Вот наконец настал вечер. Молодой государь вместе с родительницей своей пришел к невестам: взор его равнодушно переходил с одной на другую, но вдруг выражение его лица переменилось: он остановил свой взгляд на девушке, робко притаившейся поодаль от блистательных княжон. Повязка ее на сияла алмазами, простой темненький сарафан не украшали золотые нашивки, на прекрасной шее и руках не перевивались зерна крупного жемчуга, едва приметны были только несколько ниточек разноцветного бисера. Кто бы подумал, что на эту девушку, так скромно одетую, на эту девушку, по всему походившую на прислужницу какой-нибудь из знатных боярышень, можно было хоть однажды взглянуть в той комнате, где было шестьдесят пышных красавиц? Но молодой царь взглянул на нее и не захотел глядеть ни на кого более. Кроткое, милое лицо ее решило выбор, и сердце Михаила в ту же минуту назвало ее своею супругой. Однако никто не узнал этого намерения, когда царь вышел из комнаты: он должен был прежде всего объявить его своей матери.
Как удивилась Марфа Иоанновна! Сначала она старалась переменить мысли сына, представляя, как огорчатся этим выбором знатнейшие бояре, отцы и родственники собравшихся невест, но потом, увидев твердую решимость его, согласилась.
Послали узнать имя счастливицы. Это была Евдокия Лукьяновна Стрешнева - дочь можайского дворянина.
Евдокия, отец которой, несмотря на свое старинное дворянство, был так беден, что сам обрабатывал поле и жил в маленькой деревушке, приехала в Москву прислужницей при дальней родственнице своей. Эта родственница была горда, сердита, своенравна, и потому бедной Евдокии с ее тихим и кротким нравом часто случалось плакать от горя, но, чтобы иметь возможность помогать отцу, добрая девушка терпеливо переносила все, никогда не жалуясь и надеясь, что Бог вознаградит когда-нибудь ее труды и терпение. И эта надежда исполнилась: Бог в самом деле наградил доброе сердце ее таким блистательным образом! Считая неожиданное счастье свое драгоценной наградой, она приняла его с радостью и смирением и была на троне царском еще приветливее и добрее, нежели прежде в бедном своем состоянии.
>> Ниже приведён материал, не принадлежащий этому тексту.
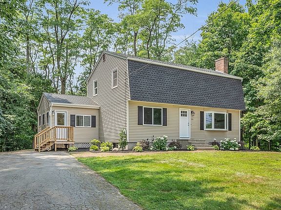 Welcome home to 100 Dunstable Road! This freshly painted, newer updated home is in a highly desirable location, just steps from Long Sought Pond, top rated schools, shopping and highway access. Main level has a sunlit vaulted ceiling family room, kitchen with newer stainless appliances and quartz countertops that looks into the dining room with a breakfast nook all with gleaming hardwood floors. Living room features a large bay window and fireplace. The first floor also features a full bath with tiled shower/ tub and bedroom with closet. Upstairs boasts a generously sized primary bedroom with two closets along with three more bedrooms all with new carpet. The full bathroom is a tiled shower with quartz countertop vanity. Basement is finished with a separate laundry room area as well as a huge bonus room for additional entertaining and walk-in storage. The large backyard leaves endless opportunities- bring your ideas! This home is surely one to see!
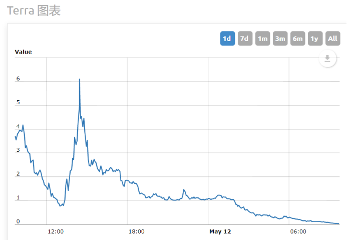 记者注意到,加密货币的这一轮暴跌或与号称挂钩美元的稳定币Terra暴跌有关。目前,Terra价格已与美元处于严重脱钩状态。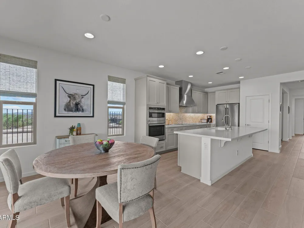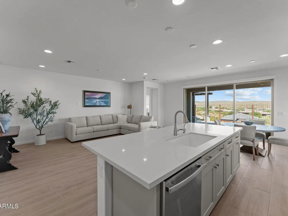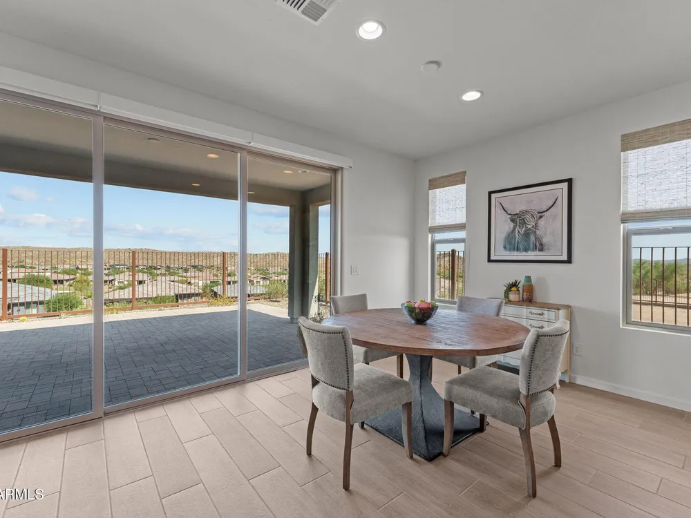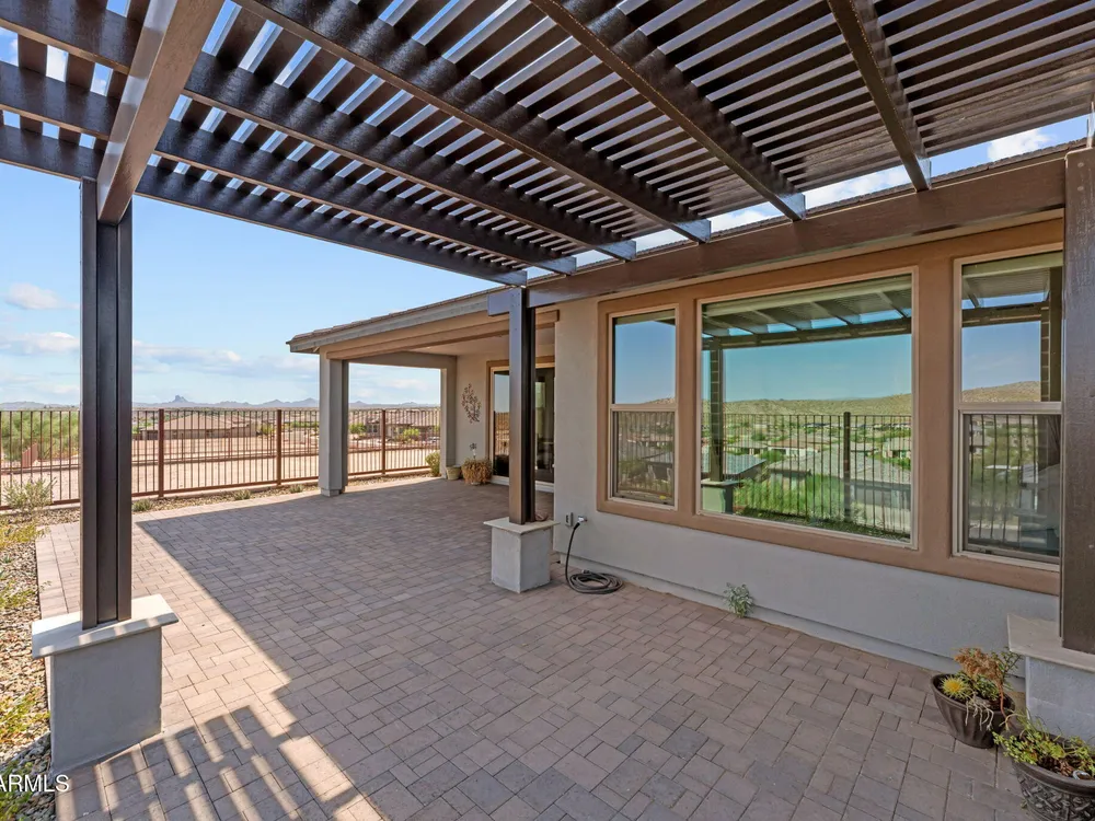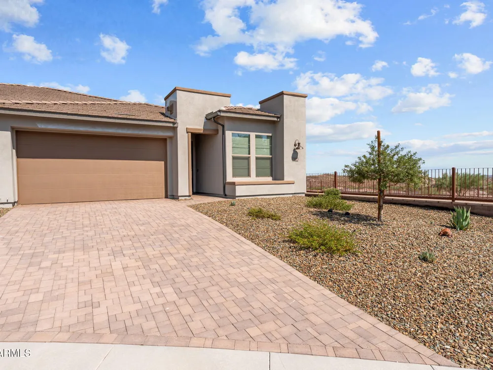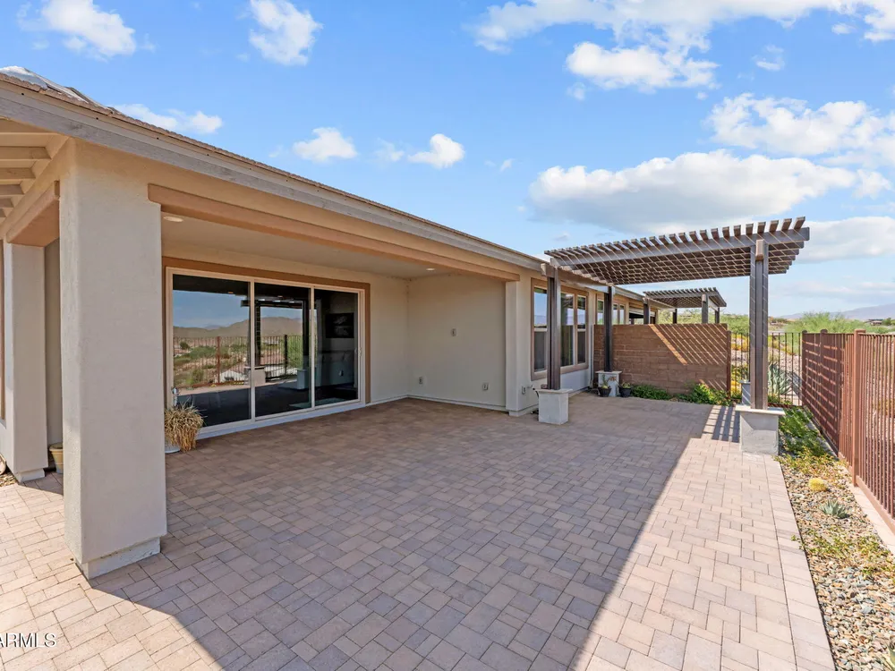 Discover this stunning duet home featuring 2 bedrooms and 2.5 bathrooms, located in the highly desirable Wickenburg Ranch community. Designed for modern living, this open floor plan showcases elegant wood-look tile and an airy, inviting atmosphere filled with natural light. The gourmet kitchen serves as the heart of the home, complete with a large island for dining and entertaining, sleek modern appliances, and high-end finishes that elevate the space. A dramatic wall of sliding glass doors frames sweeping views of the desert mountains, creating a picturesque backdrop for everyday living. Step outside to an expansive patio designed for year-round enjoyment. The partially covered area offers shade and comfort, while the charming pergola provides the perfect spot to dine al fresco or unwind while taking in the breathtaking scenery. Additional features include a 4' garage extension for added storage or workspace and the benefits of a duet property, offering a low-maintenance lifestyle without sacrificing privacy. With stunning mountain vistas and access to the incredible resort-style amenities Wickenburg Ranch is known for, this home captures the very best of desert living.

Это чувствовала более всех молодая родственница ее, которая прежде так грубо обходилась с ней, а теперь не знала, как благодарить добрую царицу за ласки, которыми она старалась доказать, что простила все причиненные ей обиды.
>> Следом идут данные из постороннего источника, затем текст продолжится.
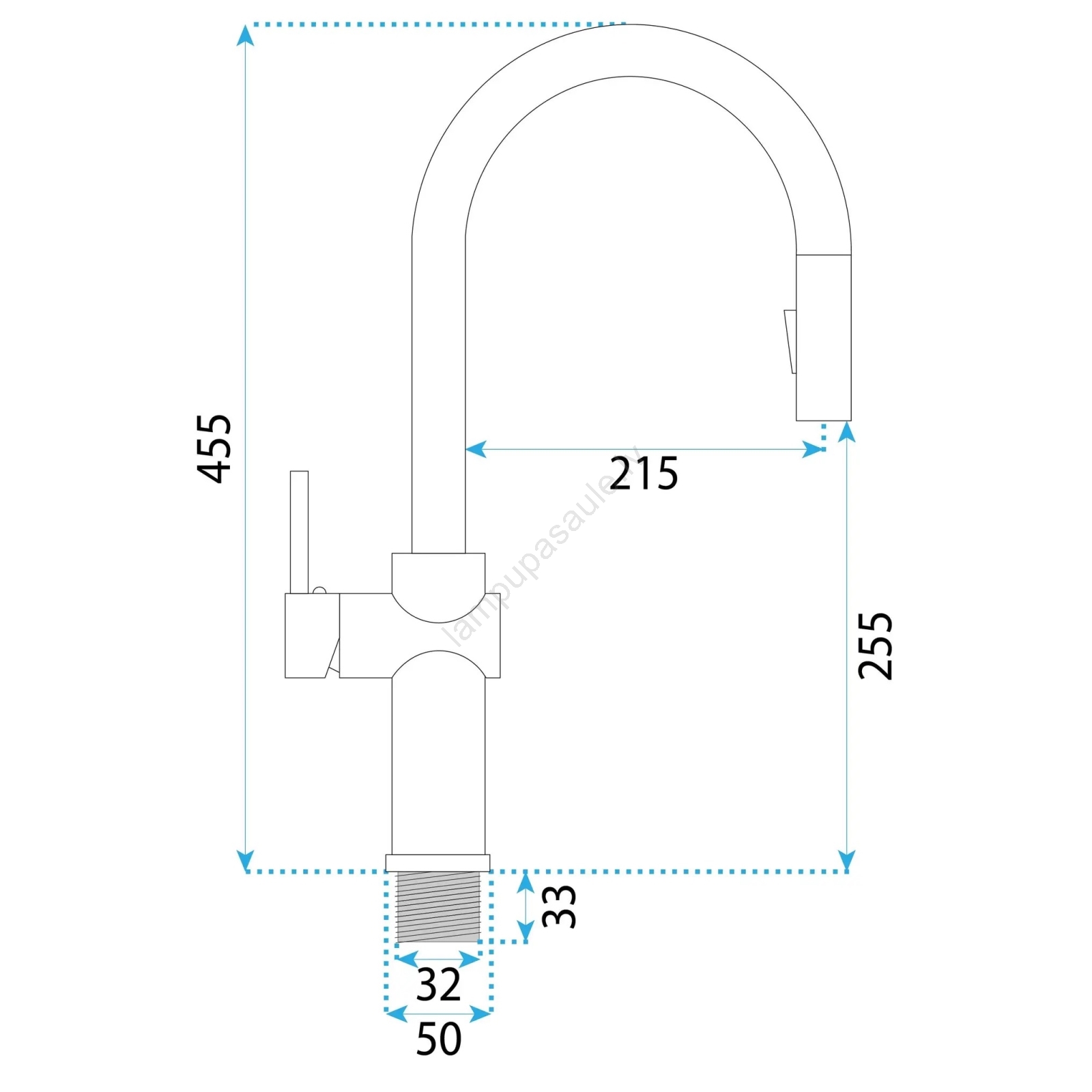 • Vienas sviras virtuves jaucējkrāns ar augstspiedienu un grozāmu iztecēju.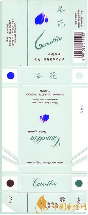1998年昆明卷煙廠出品。“茶花”牌卷煙創(chuàng)牌于1975年,茶花是云南特有的名花,也是昆明市的市花。1975年昆明卷煙廠用英國引進(jìn)的全國煙草行業(yè)第一臺過濾嘴卷煙設(shè)備,生產(chǎn)云南第1包過濾嘴香。1976年,首批銷往香港,開創(chuàng)中國過濾嘴卷煙出口創(chuàng)匯先河。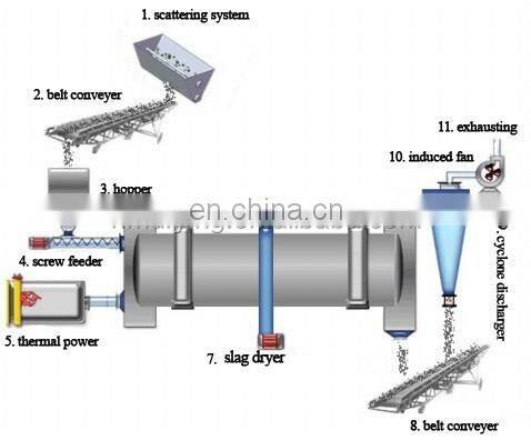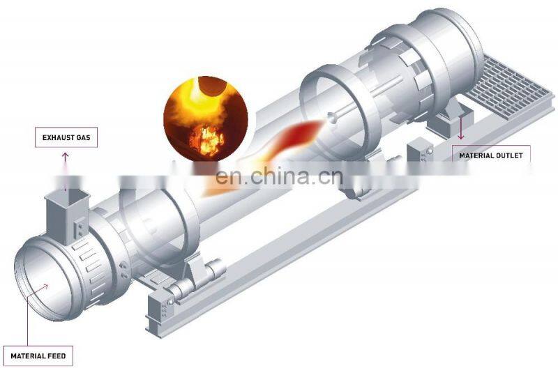 Rotary dryer adopts direct flow type of heating with heat soure from firing unit. The material to be dried is pushed back immindiately by spiral board when enters the shell from feeding tank and feeding chute. Because the drier is installed in slope, material flows to the back end under gravity and rotation force, meanwhile, it is lifted by board repeatedly and thrown down accordingly, which make the material form even curtain, and exchange heat sufficiently with inner the heat flow. In the end, water in the material is dried by repeatedly scattering.

Маленькие читательницы мои! Вы видите на примере царицы Евдокии, как мало значат самые пышные и блестящие наряды. Не цените же их слишком высоко и помните, что никогда девушка не может быть так мила и привлекательна, как в то время, когда она скромна, просто одета и вовсе не думает восхищать всех собою.
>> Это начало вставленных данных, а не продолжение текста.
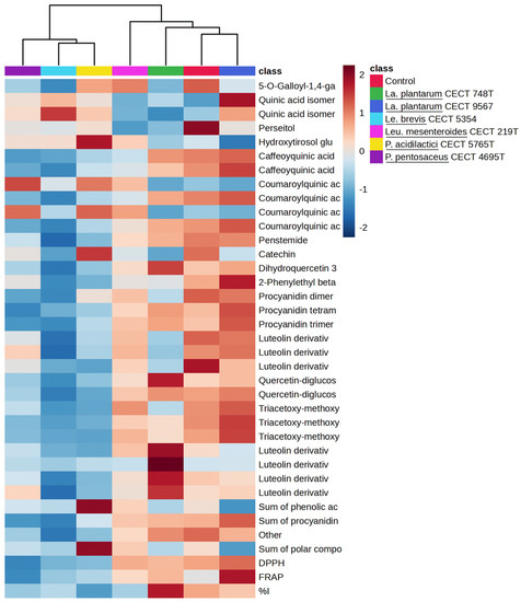 As can be seen from Figure 4, avocado seed fermented by La. plantarum CECT 9567 was clustered with the control samples, showing minor differences. Close to them were the avocado seeds fermented by La. plantarum CECT 748T and Leu. mesenteroides CECT 219T. Although fermentation of the avocado seed with La. plantarum CECT 9567 showed a phenolic profile similar to that of the unfermented seed, key bio-transformations carried out by this strain can be visualized in the figure by color changes. These include increased concentrations of quinic acid and chlorogenic acids, such as some isomers of caffeoylquinic acid, as well as decreased concentrations of hydroxytyrosol-glucoside, by enzymatic hydrolysis for the release of free hydroxytyrosol and glucose. Furthermore, Figure 4 highlights the antioxidant activity by the FRAP assay found in the fermentation with this strain. Another clear group was formed by the rest of the LAB-fermented avocado seeds. In a nutshell, this clustering confirms all the results discussed previously, and shows the differences in the metabolism of the tested LAB on the polar compounds present in avocado seeds.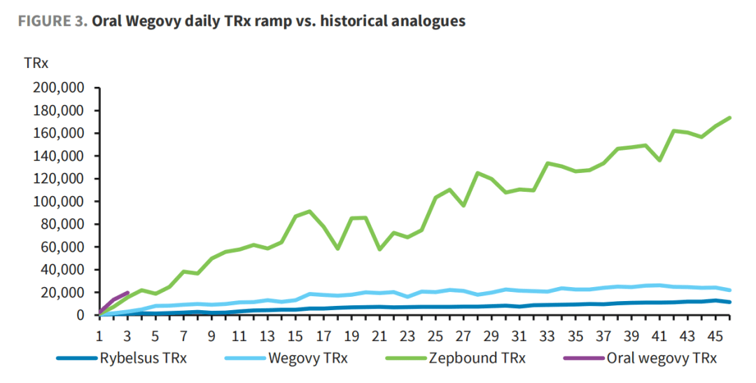 在替尔泊肽实现强劲增长的背景下,市场将更多的焦点放在未来的口服GLP-1市场大战上,口服司美格鲁肽年初在美上市的处方量趋势已经给市场打了个样。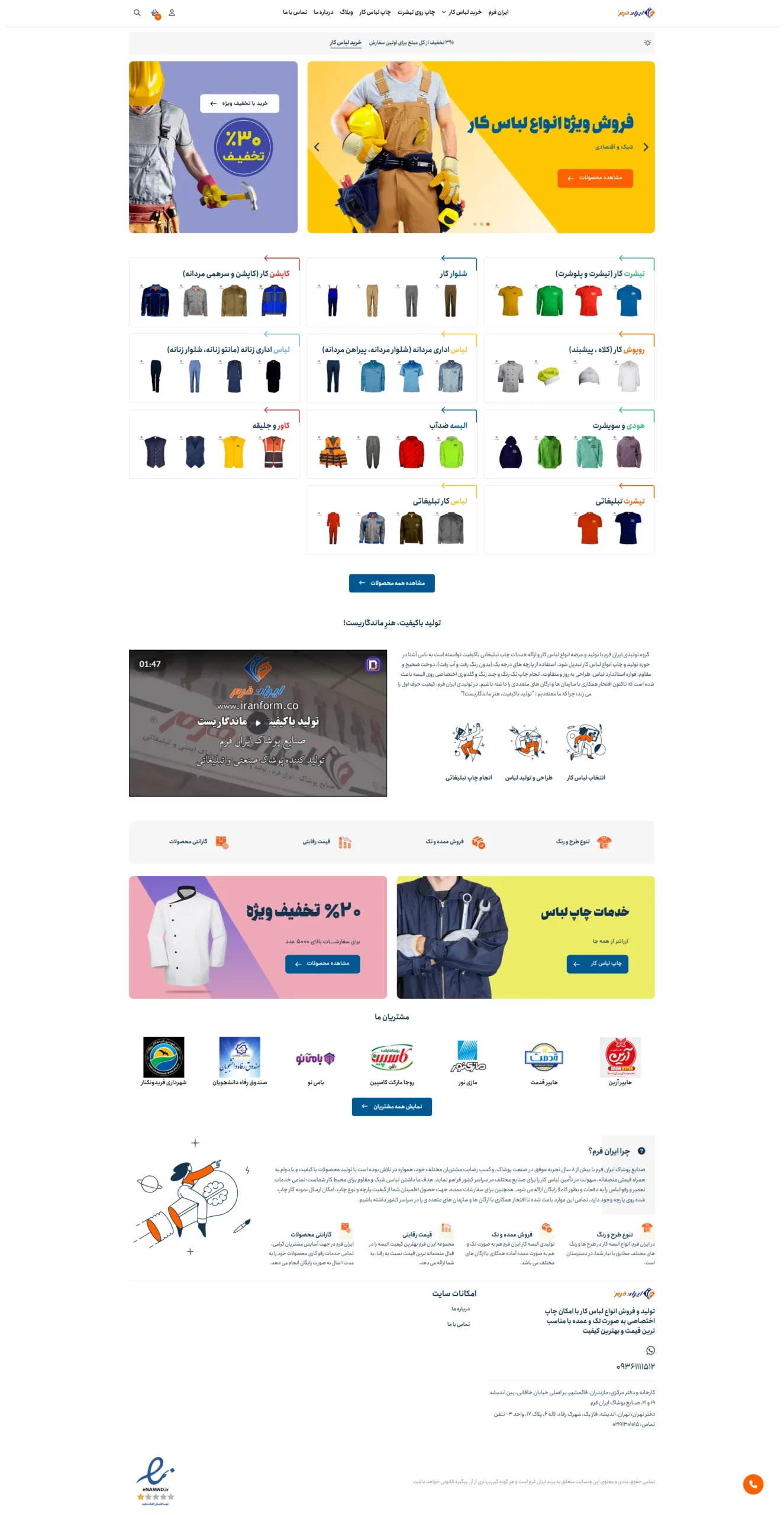 گروه تولیدی ایران فرم در زمینه طراحی، تولید و عرضه انواع لباس کار فعالیت می نماید. کلیه البسه کار با امکان چاپ اختصاصی در این مجموعه فراهم است. کلیه خدمات مجموعه در وبسایت در دسترس است و مشتریان محترم می توانند از آنها بهره مند شوند.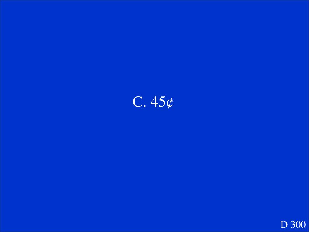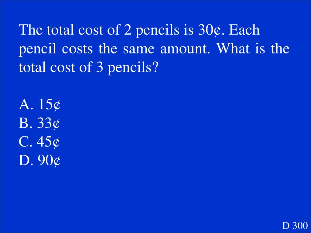 The total cost of 2 pencils is 30¢. Each pencil costs the same amount. What is the total cost of 3 pencils? A. 15¢ B. 33¢ C. 45¢ D. 90¢ D 300

Продолжение царствования Михаила Феодоровича и кончина его
1626-1645 годы

Несмотря на семейное счастье свое, увеличившееся впоследствии рождением двух дочерей, а в 1629 году - рождением наследника престола царевича Алексея, у Михаила Феодоровича бывали минуты, в которые не могли развеселить его ни нежность супруги и родителей, ни ласки детей. Это бывало, когда какие-нибудь новые опасности угрожали подданным его, какие-нибудь новые несчастья растравляли свежие, еще не зажившие раны их. Такого рода огорчения чаще всех причиняли доброму государю неугомонные соседи наши - поляки. Королевич их Владислав, несмотря на заключенное перемирие, несмотря на обещание свое отказаться от всех требований на царство Русское, все еще надеялся рано или поздно завладеть им. В 1632 году умер отец его Сигизмунд III, и Владислав, сделавшись наследником его, начал еще смелее надеяться и не постыдился при восшествии своем на престол принять на себя вместе с именем короля польского и имя царя московского.
Такая дерзость не могла остаться без наказания, и, зная, как гибельно было всякое нашествие поляков на Россию, осторожный Михаил принужден был предупредить Владислава и послать войско к Смоленску. С горестью видя этот знаменитый город в руках непримиримых врагов своих, царь хотел возвратить его. Русские радовались такому намерению и надеялись, что оно будет удачным: войско состояло из 100 тысяч человек под начальством знаменитого воеводы Михаила Борисовича Шеина. Шеин прославился в том же самом Смоленске во время продолжительной и несчастной осады этого города Сигизмундом. Читатели мои, верно, помнят, какую отчаянную храбрость показали тогда смоляне и как многие из них решились лучше погибнуть ужасной смертью под развалинами взорванной церкви, нежели быть пленниками поляков.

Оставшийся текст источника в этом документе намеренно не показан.